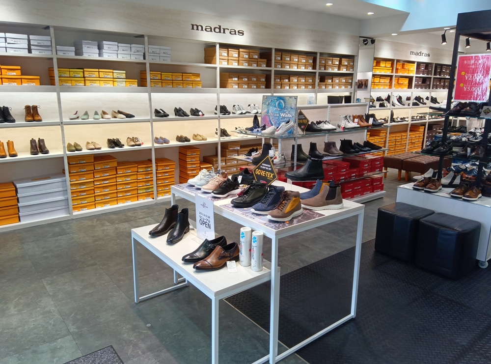 当店はmadras,MODELLO,madrasWalk,LANVINCOLLECTION,KATHARINEHAMNETTLONDONなど取幅広い商品を取り扱い、ドレスシューズからタウンユースのカジュアルシューズまで豊富なバリエーションをご用意いたしております。 この度、今まで無かったレディースの取り扱いも増えご夫婦などお連れ様とご一緒にお買い物をごゆっく楽しんで頂けます。
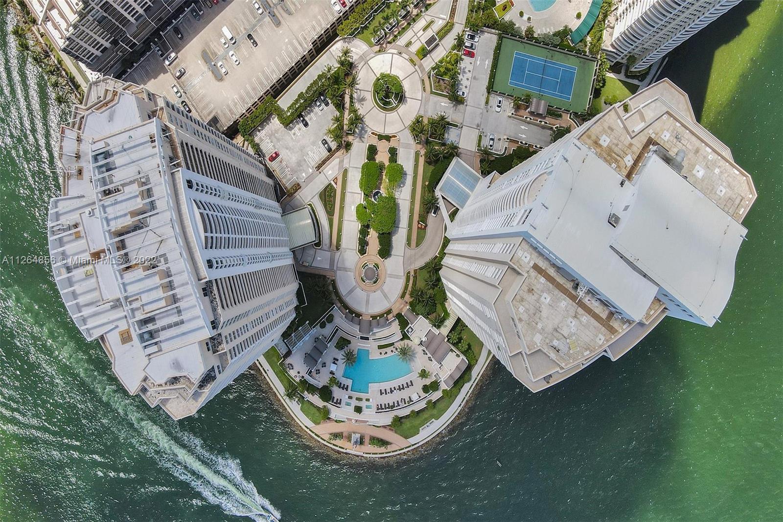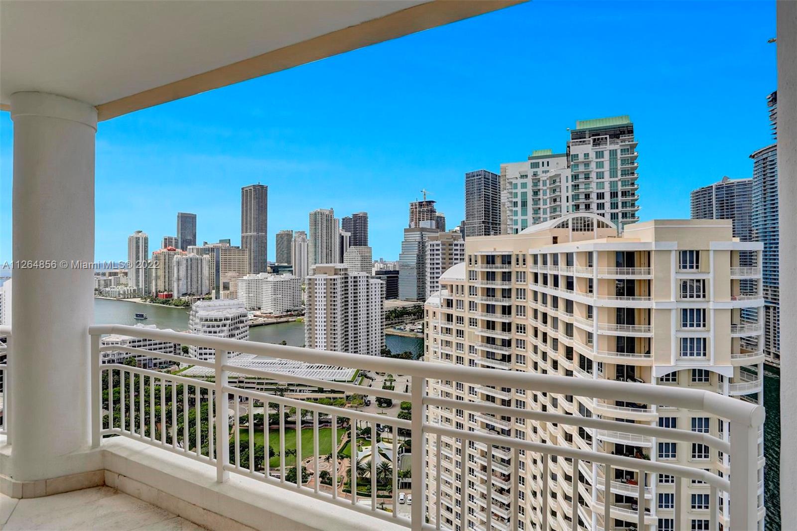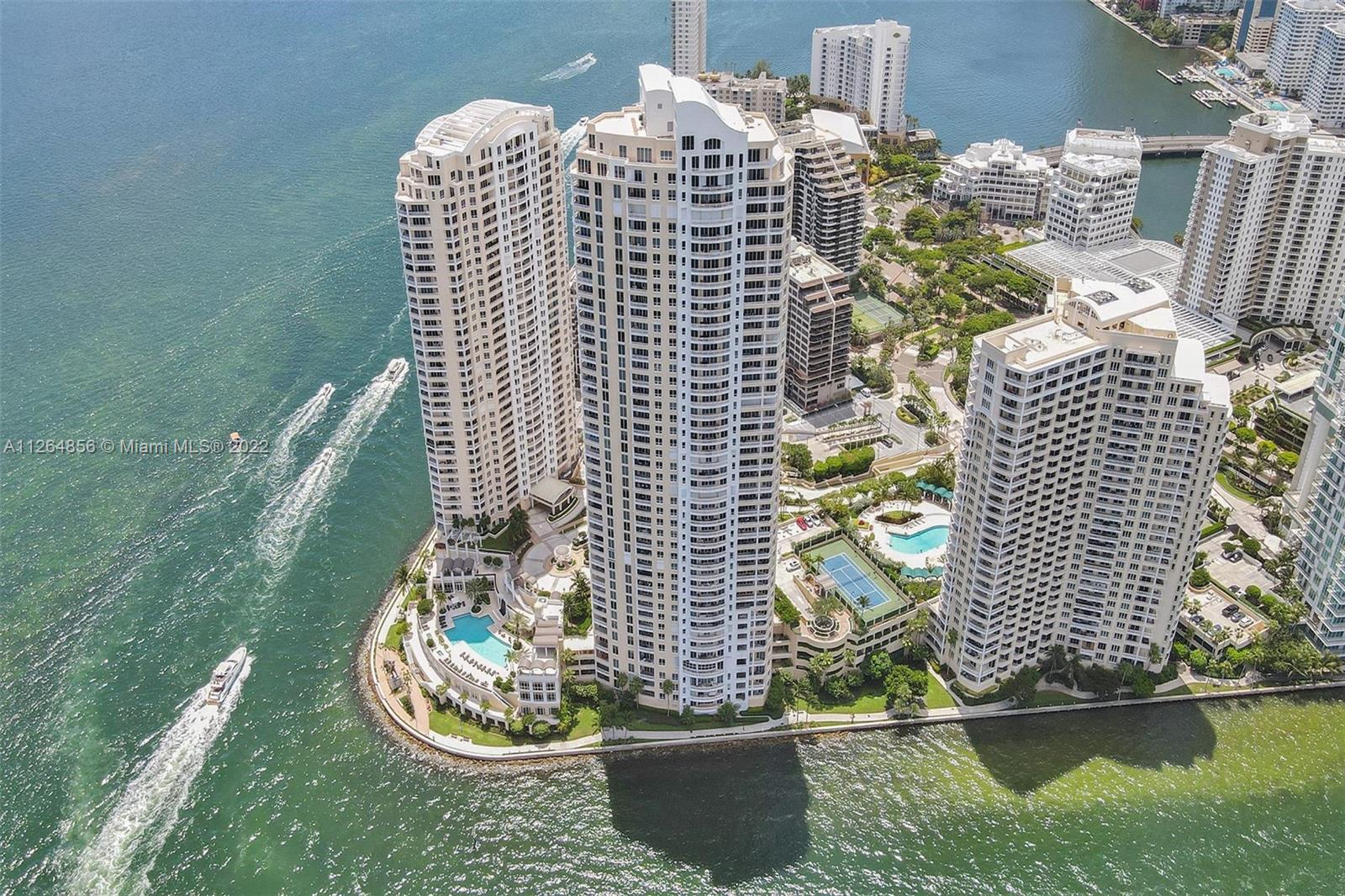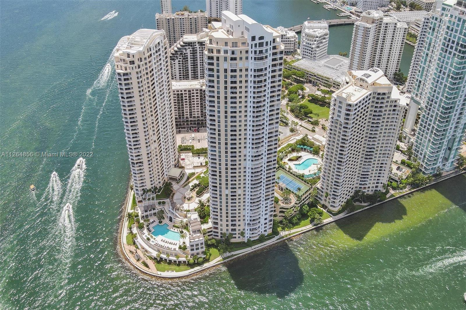 Extraordinary unobstructed views of the bay, river, and astonishing city lights from two wraparound huge balconies providing an 180 degree view. Do not miss out on this corner unit located at exclusive Brickell Key Island. With a well-designed split-floor plan and full of light, this unit provides a unique North and Southwest exposure. Only 6 apartments and 4 elevators per floor. Marble and wood floors, ss appliances, custom closets, laundry area, 2 side by side parking spaces and a storage area. Impact windows and shutters. Unit in excellent condition, ready to move in. Resort-style amenities, including a two-story, fully-equipped fitness center; a bay front pool; a bbq area; tennis, squash, and racquetball courts; a business center; concierge and valet parking services. Easy to show.
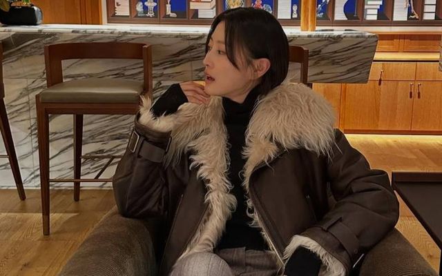 김나영, 분위기 있는 브라운 컬러 무스탕 코트

====

### PROMPT
In your output, repeat the listing above exactly and include none of the pictures.

### RESPONSE
 当店はmadras,MODELLO,madrasWalk,LANVINCOLLECTION,KATHARINEHAMNETTLONDONなど取幅広い商品を取り扱い、ドレスシューズからタウンユースのカジュアルシューズまで豊富なバリエーションをご用意いたしております。 この度、今まで無かったレディースの取り扱いも増えご夫婦などお連れ様とご一緒にお買い物をごゆっく楽しんで頂けます。
 Extraordinary unobstructed views of the bay, river, and astonishing city lights from two wraparound huge balconies providing an 180 degree view. Do not miss out on this corner unit located at exclusive Brickell Key Island. With a well-designed split-floor plan and full of light, this unit provides a unique North and Southwest exposure. Only 6 apartments and 4 elevators per floor. Marble and wood floors, ss appliances, custom closets, laundry area, 2 side by side parking spaces and a storage area. Impact windows and shutters. Unit in excellent condition, ready to move in. Resort-style amenities, including a two-story, fully-equipped fitness center; a bay front pool; a bbq area; tennis, squash, and racquetball courts; a business center; concierge and valet parking services. Easy to show.
 김나영, 분위기 있는 브라운 컬러 무스탕 코트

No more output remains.